Another common failure:

```text
'type' of tool must be 'function'
```

This means the local server rejected a non-function native tool type. `prodex super --url` disables the common non-function tools for this path, but custom Codex configs or older Prodex builds may still hit it.

## Troubleshooting

If Codex prints a generic high-demand or reconnect message while using a local server, inspect the local server log. Codex may be translating a local `500` or parser error into a generic retry message.

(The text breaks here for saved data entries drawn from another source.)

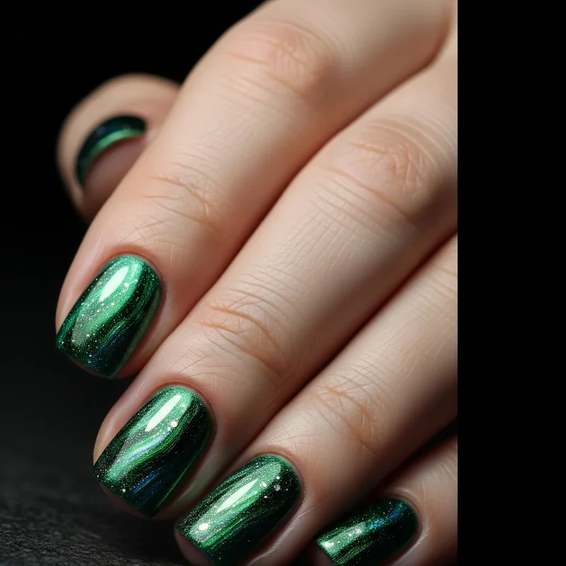 Ready to take your nails to outer space? Metallic green galaxy nails combine the shimmer of stardust with the mystery of deep space, creating an otherworldly effect that's absolutely hypnotic. This design typically features a dark green base loaded with metallic particles, holographic glitter, and sometimes even color-shifting elements. The key to achieving that galaxy effect is layering. Start with a black or deep green base, then sponge on metallic green polish, adding spots of lighter greens and even purples or blues. Finish with holographic topcoat or loose glitter for maximum sparkle. These nails are perfect for parties, concerts, or whenever you want to feel like an intergalactic princess. They catch light beautifully and create different effects from every angle.
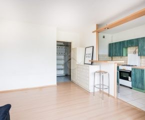 Mieszkanie składa się z dużego, jasnego pokoju z wyjściem na balkon, przedpokoju z szafami wnękowymi, łazienki z WC, oraz kuchni z jadalnią.
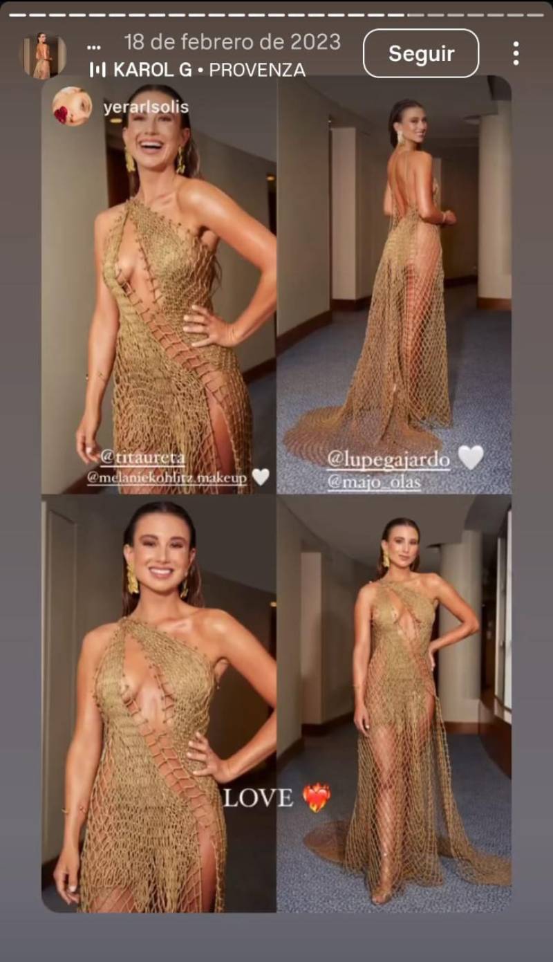En el podcast “Dale Color” de Eugenia Lemos, Ureta relató que Lupe Gajardo y Majo Olas restauraron la red de pesca que sacó del agua y la transformaron en un diseño inolvidable, lleno de transparencias y cristales Swarovski.
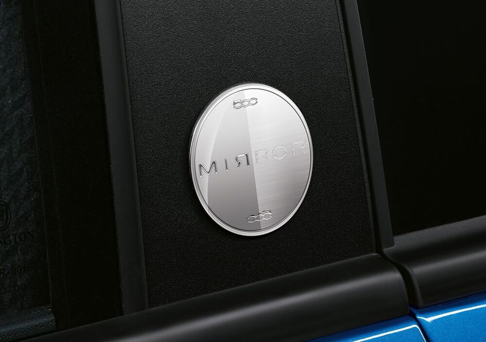 Fanno parte inoltre della dotazione di serie gli specchietti retrovisori esterni cromati e riscaldati, cerchi in lega da 15'', fendinebbia, sensori di parcheggio posteriori, il montante con badge "Mirror" in alluminio spazzolato e livrea Azzurro Italia. La 500 Mirror è anche disponibile in tinta Bianco Gelato, Rosso Passione, Nero Vesuvio e Grigio Carrara.
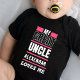 Um traje de bebê com o ditado "Meu tio excelente me ama com nome personalizado" é uma roupa doce e carinhosa de criança. O ditado expressa o profundo amor e afeto que uma tia-avó tem por sua sobrinha ou sobrinho. A frase "para a lua e para trás" é uma expressão popular usada para transmitir a magnitude do amor que se sente por outra pessoa. O traje de bebê com este ditado é uma maneira emocionante e sentimental de expressar amor e afeto por um pequeno. É uma escolha excelente para o tio excelente que quer mostrar à sua sobrinha ou sobrinho o quanto eles amam e se importam com eles.

If the server is slow on first request, that is normal. Large local models need to process the full Codex instruction and tool prompt, often several thousand tokens. Later requests may be faster if the server prompt cache is active.

If VRAM is exhausted:

```bash
PRODEX_LOCAL_GPU_LAYERS=20 ./your-local-server-wrapper
```

If Vulkan still fails while computing the first prompt:

```bash
PRODEX_LOCAL_BATCH=128 PRODEX_LOCAL_UBATCH=128 ./your-local-server-wrapper
```

If RAM or context memory is exhausted:

```bash
PRODEX_LOCAL_CONTEXT=16384 ./your-local-server-wrapper
```

If the model gives normal text but never uses tools:

- Verify `/v1/responses` receives a `tools` array
- Use a tool-capable chat template
- Try a smaller/faster model first to iterate on template behavior
- Keep `--reasoning off` if thought tags interfere with tool parsing

## What Local Mode Does Not Do

Local mode does not auto-rotate between Prodex profiles. There is no quota preflight, profile scoring, or OpenAI account fallback.

Local mode also does not make a weak local model behave like a hosted frontier coding model. The front end can expose tools, but the model still has to choose and format tool calls correctly.